So you just shared your idea for a new program benefit during your recent decision-maker’s meeting. AND you got everyone on board to implement the required changes immediately. In fact, they think this new benefit will really help increase revenue this year.
More often than not, higher-up executives focus a great deal of their time on developing strategic goals, but then pass the baton when it’s time for the execution of these objectives. However, once your involvement with this strategy ends, so will your employees’ willingness to uphold these newfound changes.

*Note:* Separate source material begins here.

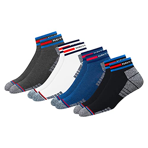 CONTENT: Includes 4 pairs of NAVYSPORT Originals premium combed cotton casual ankle socks with elegant looking signature NAVYSPORT stripes and terry cushioning.
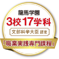 ※実践的で専門性の高い教育を実施している専門学校(学科)に対して、文部科学大臣が認定する「職業実践専門課程」に、本学園の申請該当学科17学科すべてが認定されています。専攻分野の実務に関する知識や技術、技能について企業や業界と連携し、組織的な教育を行っている課程のみに与えられる認定制度です。

Follow these 3 simple methods to keep you better engaged throughout the implementation process of your new strategy:
- Create and communicate tangible goals — Rather than merely suggesting a change in workplace priorities, you must be clear with your expectations by explaining what steps your staff needs to take (and why) in order to keep the new strategy moving forward. Employees cling to the comfort of familiarity, so it’s important that you give them explicit permission to move away from the status quo.
- Be prepared to settle internal disputes — With a shift in strategy comes a shift in the budget allocation. For example, last year’s strategy might have given marketing a larger financial cushion to execute more direct mail campaigns. But if this year’s strategic priorities place a heavy emphasis on member retention, the budget will also change. You must be able to offer clear reasoning as to why the budget is being reallocated so certain departments don’t feel jilted.
- Measure progress and enforce consequences — Strategic goals are relatively pointless if you don’t check in with your team’s ongoing progress. To effectively execute your strategies, you must communicate the progress your staff is making in a consistent manner. If certain employees aren’t making much progress, you must articulate what needs to change and what the consequences will be if things don’t start falling into place.
To be a truly effective leader, you must not only talk the talk, but also walk the walk. As an executive, your employees are more likely to get on board with organizational changes if you provide them with clear reasoning, measurable objectives and ongoing encouragement.